That would clearly save some time.

 An `out` variable cannot be read until initialized by a 
 function call in an `out` parameter position. Since D has exact 
 evaluation order, it is easily determined that one usage of `x` 
 initializes it and another in the same overall expression reads 
 it (and not the other way around):

     out int x, y;
     /*1*/ if (h(x, y) > 0 && x < y) { .. }
     /*2*/ g(f(x), f(y), x, y);

 Evaluation order says in /*1*/ that h(x, y) is executed before 
 x and y are read for testing `x < y`.
 Evaluation order says in /*2*/ that f(x) and f(y) are executed 
 before x and y are read for passing them to g.

 Also, multiple execution paths can lead to different 
 initialization points:

     out int x, y, z;
     if (g(0)) { f(x); f(y); f(z); } else h(x, y);
     // x, y are initialized.
     g(x, y); // okay: x and y initialized on both branches
     g(z); // invalid: z might not be initialized.

 It is always possible to initialize `out` variables using an 
 ordinary assignment:

     out int x, y, z;
     if (g(0)) { /*as above*/ } else { h(x, y); z = 0; }
     g(z); // valid: z initialized on both branches

I imagine that it will still be possible to call f()/h() with a 
non-`out` variable ?

 Templates
 =========

 Similar to `ref`, there will be `auto out` which infers `out` 
 based on the arguments passed.

 `auto out` can be combined with `ref`

`void f(T)(auto out ref T t);` ?

 (meaning pass by reference always, but if the argument is an 
 out value, this is its initialization) and `auto ref` (meaning 
 pass by reference if possible, and if the argument is an out 
 value, this is its initialization; it cannot be passed by value 
 and be initialized).


 With __traits(isOut, param) one can test whether `auto out` 
 boiled down to `out` or not.

ok.

 After being (potentially|definitely|?) initialized, `out` 
 variables do not trigger `auto out` to become `out`.

That doesn't make sense.

 In-place `out` Variables
 ========================

 When calling a function with an `out` parameter, instead of 
 passing an argument, a fresh variable can be declared instead:

     if (f(out int x) > 0 && x > 0) { g(x); } else { .. }
     if (g(0) && f(out x) > 0) { g(x); } else { .. }

I don't like that idea.

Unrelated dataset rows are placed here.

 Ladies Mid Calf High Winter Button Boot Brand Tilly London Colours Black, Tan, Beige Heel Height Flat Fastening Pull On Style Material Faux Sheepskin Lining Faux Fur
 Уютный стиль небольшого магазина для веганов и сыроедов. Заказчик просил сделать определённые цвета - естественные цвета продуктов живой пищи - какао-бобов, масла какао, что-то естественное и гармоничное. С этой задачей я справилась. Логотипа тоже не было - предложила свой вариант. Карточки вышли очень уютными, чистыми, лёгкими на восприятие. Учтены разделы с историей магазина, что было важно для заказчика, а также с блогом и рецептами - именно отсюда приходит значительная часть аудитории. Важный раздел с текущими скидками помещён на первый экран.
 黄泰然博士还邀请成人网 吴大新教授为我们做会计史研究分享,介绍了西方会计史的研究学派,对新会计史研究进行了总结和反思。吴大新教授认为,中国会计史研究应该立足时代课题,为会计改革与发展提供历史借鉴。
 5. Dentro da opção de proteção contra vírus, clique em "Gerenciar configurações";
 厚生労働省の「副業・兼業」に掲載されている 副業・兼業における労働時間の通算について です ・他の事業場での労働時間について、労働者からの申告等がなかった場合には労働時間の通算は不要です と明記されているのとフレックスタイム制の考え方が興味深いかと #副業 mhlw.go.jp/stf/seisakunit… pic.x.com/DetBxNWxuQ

That makes the code more difficult to 
read.

 The type of an in-place out variable can be left out, when it 
 can be inferred from the called function. [Clearly it can be 
 done in some cases and clearly it cannot be in all templates. 
 Exact rules TBD.]
 In the first else branch, `x` can be used, since regardless 
 whether the `f(out int x) > 0 && x > 0` is true or false, 
 evaluating it will initialize `x`.
 In the second else branch, `x` cannot be used because `x` might 
 not be initialized if g(0) is false.
 The visibility of in-place out variables is limited to the 
 statement they're declared in. For `if` statements this 
 encompasses both branches, but for expression statements, it 
 only encompasses that expression:

     x = f(out a) + a; // valid
     y = f(out b);
     // y += b; // error, b not visible
     out int c;
     f(c);
     z += c; // valid

Meh, I really don't like that fact of declaring a variable inside 
a function's parameter.
Also, I don't thing that it will be easy to implement it.

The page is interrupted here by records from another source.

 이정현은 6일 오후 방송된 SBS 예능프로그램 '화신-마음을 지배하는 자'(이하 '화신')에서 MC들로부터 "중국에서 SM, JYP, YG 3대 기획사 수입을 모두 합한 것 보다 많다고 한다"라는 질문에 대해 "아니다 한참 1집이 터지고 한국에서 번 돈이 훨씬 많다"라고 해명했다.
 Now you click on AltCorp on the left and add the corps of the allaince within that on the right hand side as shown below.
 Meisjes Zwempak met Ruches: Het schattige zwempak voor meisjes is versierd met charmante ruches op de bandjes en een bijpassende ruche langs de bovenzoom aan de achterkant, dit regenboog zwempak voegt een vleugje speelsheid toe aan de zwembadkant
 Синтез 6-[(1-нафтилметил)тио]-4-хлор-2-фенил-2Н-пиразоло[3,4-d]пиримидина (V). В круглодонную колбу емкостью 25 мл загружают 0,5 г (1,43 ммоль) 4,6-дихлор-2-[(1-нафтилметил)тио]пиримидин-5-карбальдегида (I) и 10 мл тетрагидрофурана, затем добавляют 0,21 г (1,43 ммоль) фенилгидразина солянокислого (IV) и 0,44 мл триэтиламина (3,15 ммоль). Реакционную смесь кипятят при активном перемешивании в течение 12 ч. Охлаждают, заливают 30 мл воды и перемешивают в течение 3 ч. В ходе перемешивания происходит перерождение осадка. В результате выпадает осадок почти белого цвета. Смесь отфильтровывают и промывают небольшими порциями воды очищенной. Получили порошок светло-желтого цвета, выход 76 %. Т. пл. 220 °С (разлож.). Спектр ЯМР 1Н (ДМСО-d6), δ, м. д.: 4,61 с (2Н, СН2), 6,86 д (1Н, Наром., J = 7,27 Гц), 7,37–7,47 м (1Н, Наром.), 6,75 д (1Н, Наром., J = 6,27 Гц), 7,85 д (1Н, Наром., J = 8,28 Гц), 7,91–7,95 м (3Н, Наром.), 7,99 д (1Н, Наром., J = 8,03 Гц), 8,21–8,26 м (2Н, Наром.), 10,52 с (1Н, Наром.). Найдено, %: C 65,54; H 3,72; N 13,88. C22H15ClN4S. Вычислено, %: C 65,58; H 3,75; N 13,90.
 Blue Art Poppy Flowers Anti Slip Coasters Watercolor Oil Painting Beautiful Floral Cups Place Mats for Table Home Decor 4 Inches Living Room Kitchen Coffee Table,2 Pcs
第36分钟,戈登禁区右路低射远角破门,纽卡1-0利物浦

 One obvious use-case is functions that return a bool value 
 indicating success and the result is an `out` parameter. 
 Usually, these functions' names begin with try:

     if (tryParseInt(str, out x)) { use(x); }

 Another could be unpacking:

     out T x;
     out S y;
     tuple.unpack(x, y);
     // or
     if (tuple.unpack(out a, out b) && condition(a, b)) { .. }

Same as above.

 What do you think? Worth it?

Yes, except the `in-place`.

Jan 26 2021

Ogi <ogion.art gmail.com> writes:

On Tuesday, 26 January 2021 at 01:01:54 UTC, Q. Schroll wrote:
 Main goal: Make the `out` parameter storage class live up to 
 promises.
 In current semantics, `out` is basically `ref` but with 
 documented intent. The initialization of the parameter is more 
 like a detail.

 [...]

Is there any reason to use out parameters at all instead of 
returning a tuple?

Jan 27 2021

Max Haughton <maxhaton gmail.com> writes:

On Wednesday, 27 January 2021 at 09:34:36 UTC, Ogi wrote:
 On Tuesday, 26 January 2021 at 01:01:54 UTC, Q. Schroll wrote:
 Main goal: Make the `out` parameter storage class live up to 
 promises.
 In current semantics, `out` is basically `ref` but with 
 documented intent. The initialization of the parameter is more 
 like a detail.

 [...]

 Is there any reason to use out parameters at all instead of 
 returning a tuple?

Struct ABI can mean overhead in places you don't expect

Jan 27 2021

Jacob Carlborg <doob me.com> writes:

On 2021-01-27 19:25, Max Haughton wrote:

 Struct ABI can mean overhead in places you don't expect

If proper tuples are built-in to the language the language can invent 
its own ABI for that type. Just like it does for arrays and delegates.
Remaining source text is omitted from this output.